The natural requirement of parents of the same nature for producing natural off-spring of the same nature and group membership can be best illustrated by the analogy of a safe deposit box. The box is analogous to a child. It is singular in nature, but in order for it to be available requires the presence of not just one master key but two. One, representing say the father, is held by the bank, while the other is held by the patron of the bank. One key alone is insufficient to open the box. It requires both, just as natural citizenship requires that both parent contributors to the nature of the child be of the same group. They both must have a key from the same bank just as they must have citizenship in the same nation.
If they are not both Americans then their children will not be born as natural citizens of their nation but will be legal citizens only. That could mean that they were born of a father who was naturalized and a mother who was not, or born of immigrant parents, or born abroad having a foreign parent, or born in the U.S. with a foreign parent. Regardless of the circumstances, the children that make up that tiny sliver of the population are not natural citizens of the United States.
There is no down side to that fact unless they are the one in three hundred million who is elected to be President or Vice-President. For that office alone, no legal citizen is allow. One must have been born as a natural citizen of American parents. No one born of a foreign subject of a foreign monarch is constitutionally allowed to be President.

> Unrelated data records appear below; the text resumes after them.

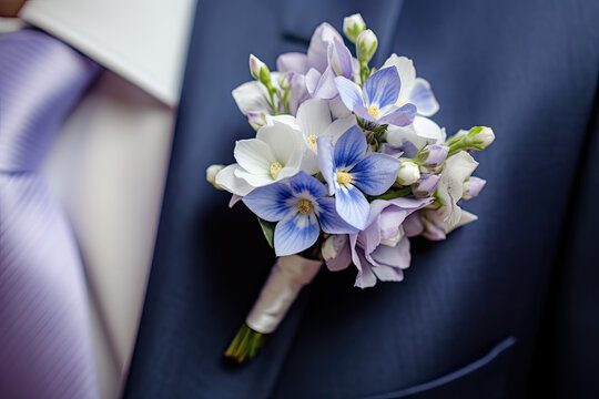 groom's boutonniere with periwinkle   flower
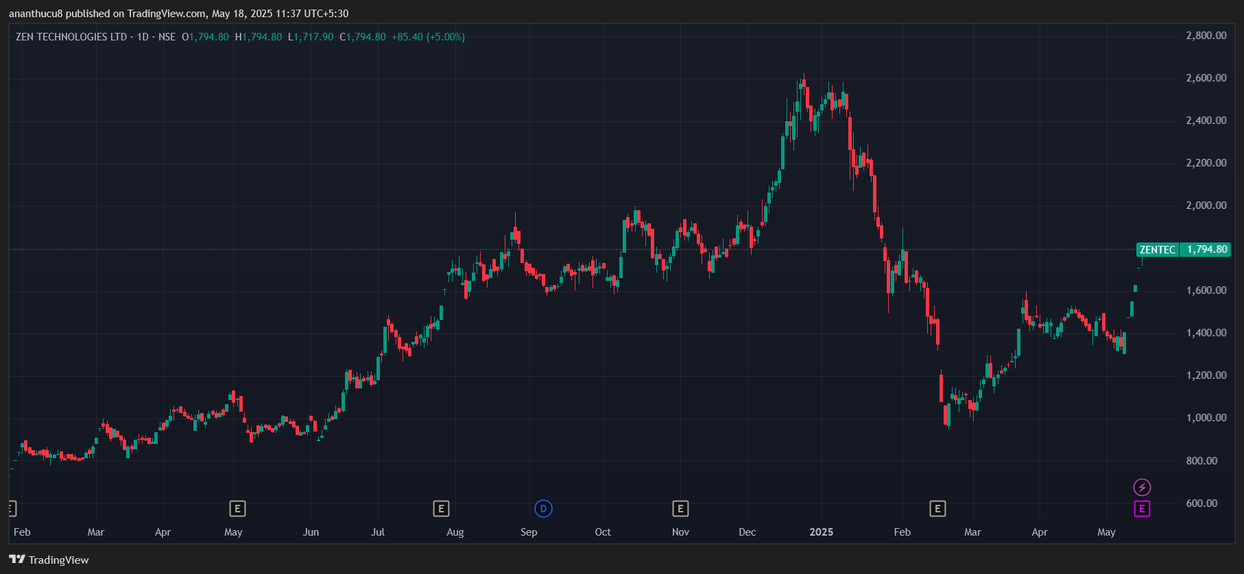 禅宗技术 自5月7日至1,794.8卢比以来,已近36%的收益。该股在过去的一年中的表现良好,收益近86%。 ZEN Technologies致力于为国防和安全部队提供战斗训练解决方案。这包括反无数解决方案。
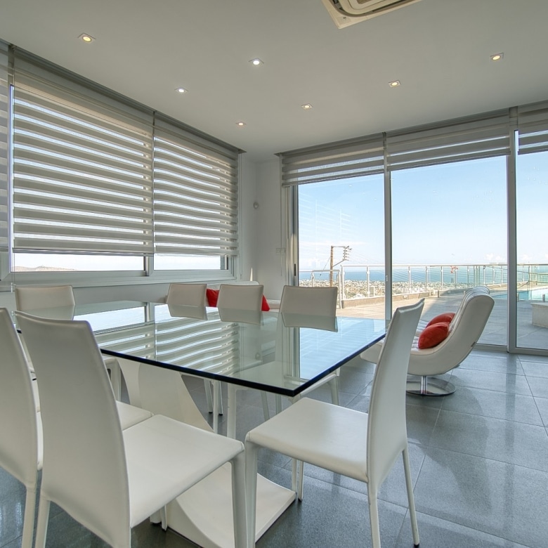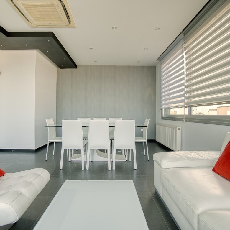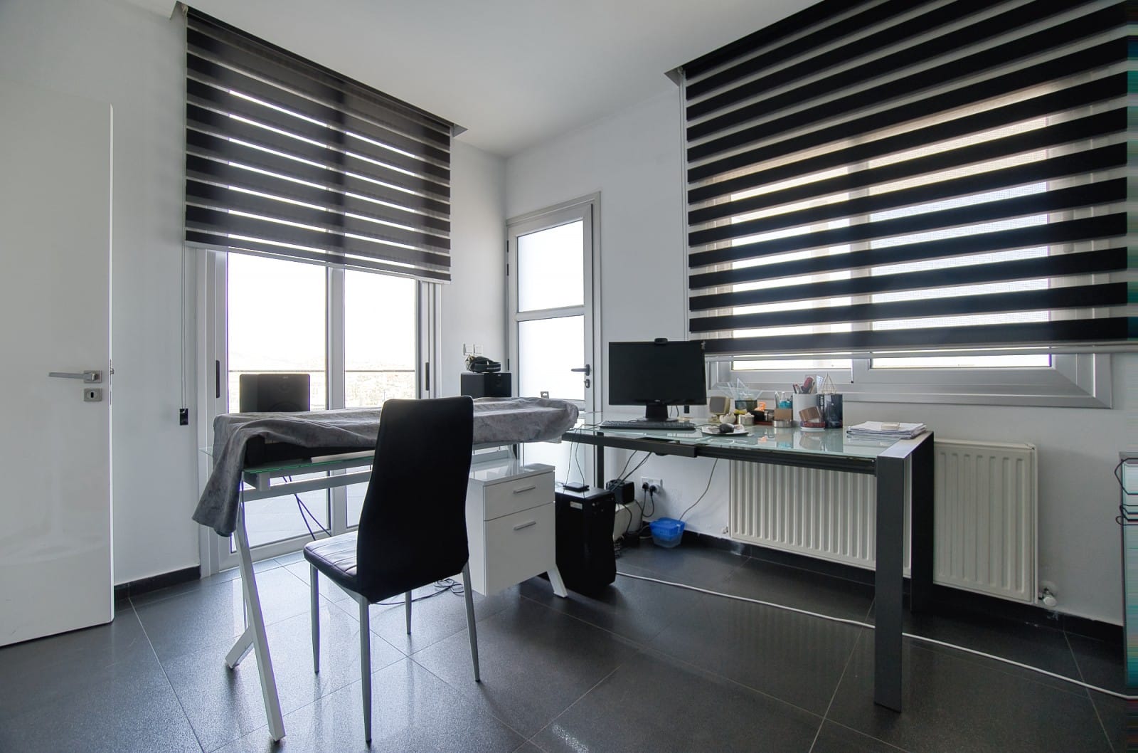 This stunning 360-degree view villa, located in the prestigious Agios Athanasios area (Sfalagiotissa), offers an unrivaled position with panoramic views of the entire city of Limassol. Set on an 860 sqm plot elevated above the road, it provides complete privacy. The villa features three kitchens, including a main kitchen, a small kitchen on the ground floor, and another in the basement. The master bedroom is en suite with a dressing room, and all first-floor bedrooms are equipped with electric shutters. The main bathroom includes both a shower and a corner bath. The basement offers two covered parking spaces, a WC, a small kitchen, a small room, and additional storage. Outside, the ground floor includes two uncovered parking spaces, a 5×10 overflow swimming pool with 8 jets for hydro massage, a BBQ area, and a garden. The property is equipped with petrol heaters, air conditioning units in all rooms, and a water softener system, ensuring year-round comfort and convenience.
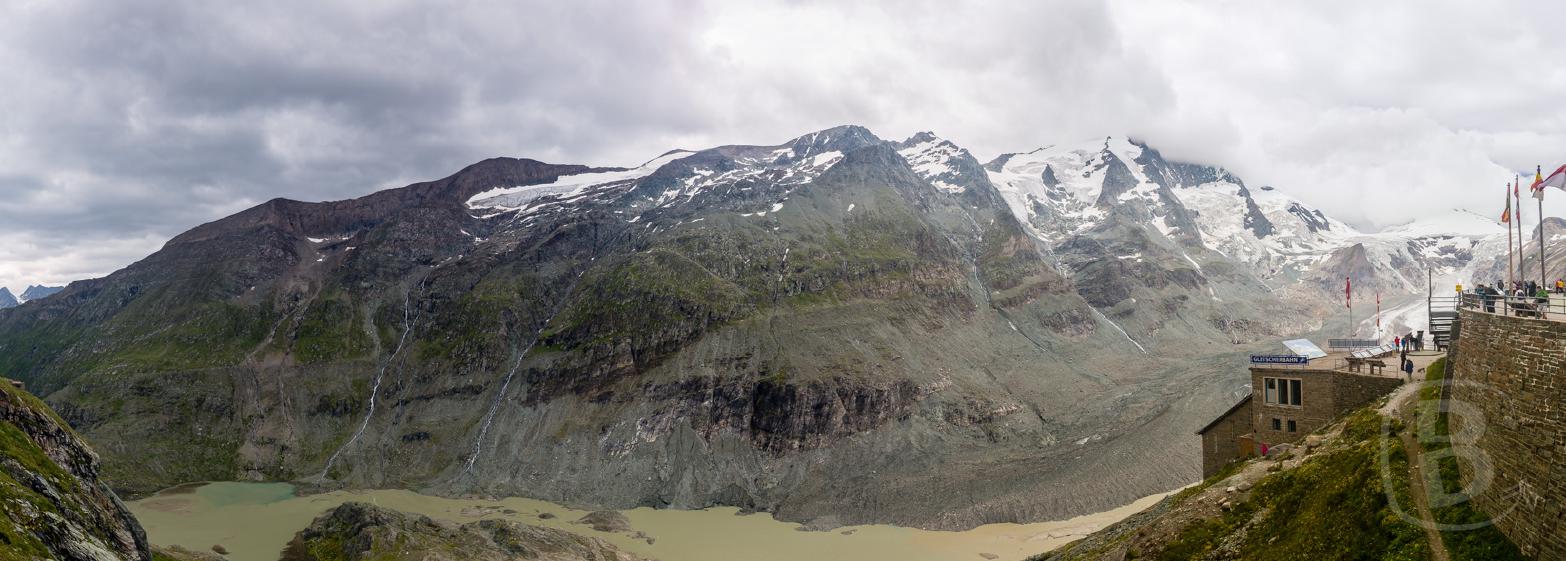 Drei Kilometer nach der Mautstation mache ich die ersten Fotos. Von diesem Punkt können wir die Dreitausender Berge bestaunen: Hohe Dock, Vorderer Bratschenkopf, Hoher Tenn und noch viele weitere Gipfel. Ich mache eine Panoramaaufnahme der Gipfel, das Wetter meint es inzwischen gut mit uns.
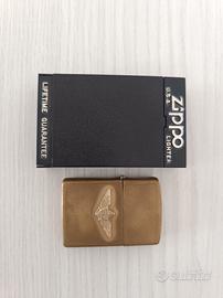 Bellissimo accendino Zippo Navy Wing Bradford PA MADE IN USA di color oro con emblema dorato con incluso il proprio espositore e foglietto.
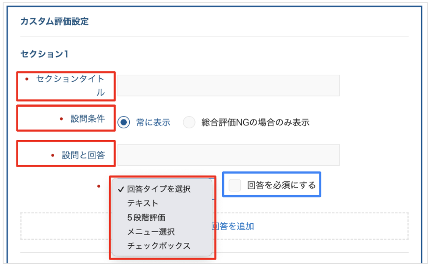 「セクションタイトル」「設問」「回答タイプ」「設問条件」「回答の必須・任意」の5箇所を設定できます。
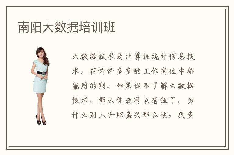 大数据技术是计算机统计信息技术。在许许多多的工作岗位中都能用的到。如果你不了解大数据技术,那么你就有点落伍了。为什么别人升职嘉兴那么快,我多年还在原地不动,就是因为这些人都默默的报培训机构去学习,而你不知道。南阳大数据培训班机构就很不错。在这里学习过的学员都会在自己的工作岗位中取得了个良好的成绩,他们不但升职加薪也跟着有所提升。在这个信息蓬勃发展的时代,你要是掌握不了一门技术,怎么去和别人南阳大数据培训大数据培训班学费拼。南阳大数据培训班结果就是为了帮助你完成心愿而建立的。南阳大数据培训班机构虽然多,但是当他们都是专业的存在。在培养人才方面都是非常有经验的,得到了大多数人的认可。在南阳大数据培训班会使你达到不一样的体验。当你拥有了一门专业技术,还是目前市面上最火的技术。你就会发现你的人生从此开了个南阳大数据培训班怎么样挂。大数据技术是最近这两年新兴的技术,也是目前最受欢迎的技术之一,现在有很多上班族都在学习大数据技术,为的就是得到更好的工作岗位。而南阳大数据培训班技术是比较先进的,有很多人都在这里学习。大数据技术是最火爆的技术从事这个行业的人员工资非常的高不会低于6000待遇也很不错,所以才会有那么多的人对大数据技术充满了浓厚兴趣想要了解大数据技术。在这个电子信息蓬勃发展的时代要是没有一门专业技术是不好找到一份另自己满意的工作的。而学习大数据技术最关键的就是去专业的地方进行系统的培训,这样才能更快更好的掌握大数据技术而南阳大数据培训班就很不错。现在大多数人都在学校大数据技术你要是跟不上脚步不去学习的话就落后了。不想别人永远压你一头就好好学习大数据技术。信息化和智能化的今天,大数据可以说是为社会的高速化发展做出了很大的贡献了。南阳大数据培训班机构非常多,这里推荐几所办学成果优良的培训机构,有:南阳北大青鸟,兄弟连,甲骨文这三所。这几年在办学上质量不断提升,并且与企业开展实际项目,为在培人员提供了很好的就业资源,项目资源和经验教训,等到了普遍的好评。这三所南阳大数据培训班机构的培训学费大概在8000-10000之间,培训周期5-6个月,集中高效。可以说适合社会各阶级的人,提供方面的专业培训。另外普及一下大数据的定义,大数据的主要作用和价值在于对海量数据进行有效化的整理和存储并且输出有意义的有效的信息,省去了信息的冗余。市面上关于大数据的相关职位有:大数据架构师,大数据工程师均是大数据行业的高薪职位。
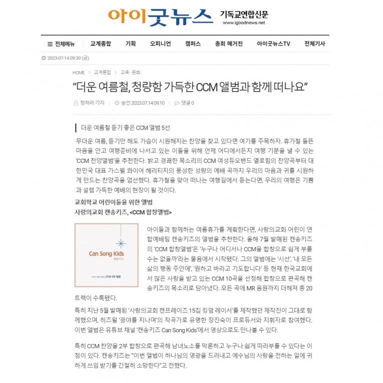 뮤직타임 [기사] “더운 여름철, 청량함 가득한 CCM 앨범과 함께 떠나요” 캔송키즈 앨범 발매(아이굿뉴스)
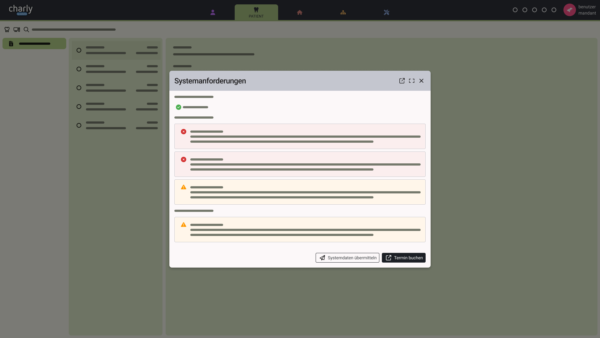 Wenn Sie charly-Web das erste Mal nach dem Update öffnen, erscheint ein Dialog mit dem Titel Systemanforderungen, der die Ergebnisse des Checks anzeigt.
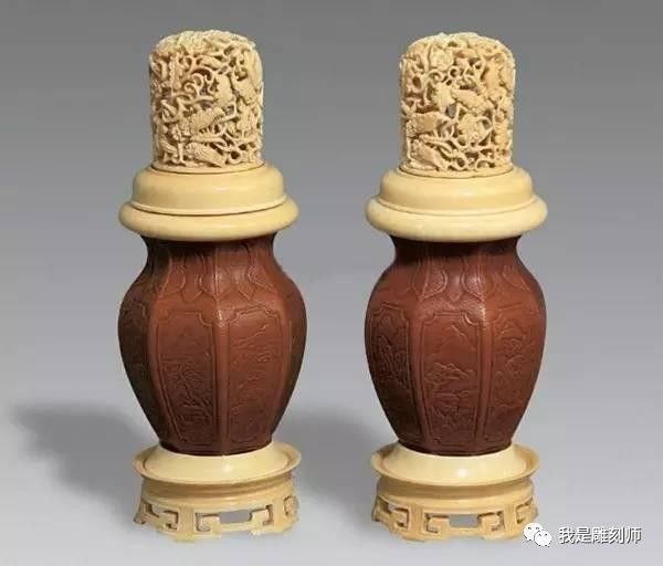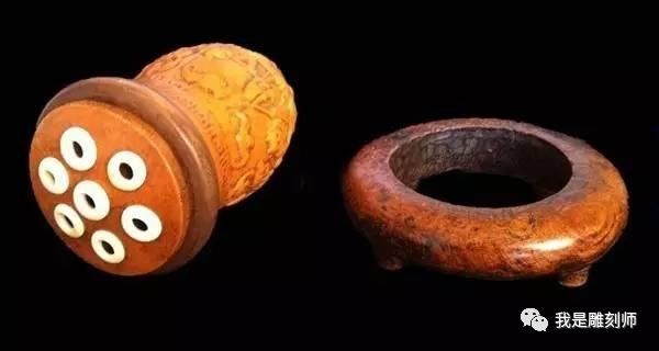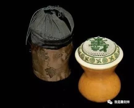 再说说口框。鸣虫葫芦的口框中,木质材料使用最多。蝈蝈、咂嘴葫芦多配单圈加瓢盖,鸡心葫芦也有用与口框材质相同的五眼、七眼盖子(俗称“烧饼盖”)。牙口框使用也较多,但与木口框相比,这种口框精美有余但实用不足,主要因为牙密度较大,养虫上怀难免头重脚轻;另外,北方天气寒冷,养虫倒叫温差较大,牙口框忽冷忽热易开裂(俗称“笑纹”)。

But there are few monarchs ruling in this world anymore. Does that change the Constitution? Not in the least. Today it would be said that no subject or citizen of a foreign power, democracy or dictatorship, is eligible to serve as President because the President of the United States must have been born as a natural citizen via birth to citizen parents. That prohibition would have been a great defense against the unnatural presidency of one Barry Soetoro, aka BAIR-ek o-BAM-uh or Barry for short , but it is also a prohibition against even those who are strong defenders of the Constitution such as Ted Cruz.
In this day and age, his ineligibility is a constitutional technicality that not only does not serve the nation, nor the purpose of the founders and framers of the Constitution, but is actually an enemy of what is best for America’s future. What “conservative” Constitution-honoring American would face the choice of the presidential candidacy of Jed Bush or Mitt Romney, (instigator of Romneycare) or John (accommodationist) McCain and gladly vote for them over a Ted Cruz? Which one offers some hope for the future and the restoration of some semblance of Constitutional fidelity? Which one offers resistance to unconstitutional insolvent government? Which one stands up for the God-given rights of the individual and not just the security and benefit of the wealthy and ruling class?
If there was a law written to protect families from the dangers of guns, and it prohibited ammunition from being stored at home with one’s weapon, and you lived in a crime-filled neighborhood, would you follow the rule of law for the sake of the rule of law or would you do what was necessary to protect your family?
Now just substitute your nation for your family and the Constitution for the law against ammunition. It’s purpose was for the security of the family/ nation, but its effect might be just the opposite. Which do you defend? Your family/ nation or the law designed to do so but with undesirable side-effects? The future may require that you, and millions of others, make a choice. I hope that choice is a wise one because the future and survival of our nation may depend on it.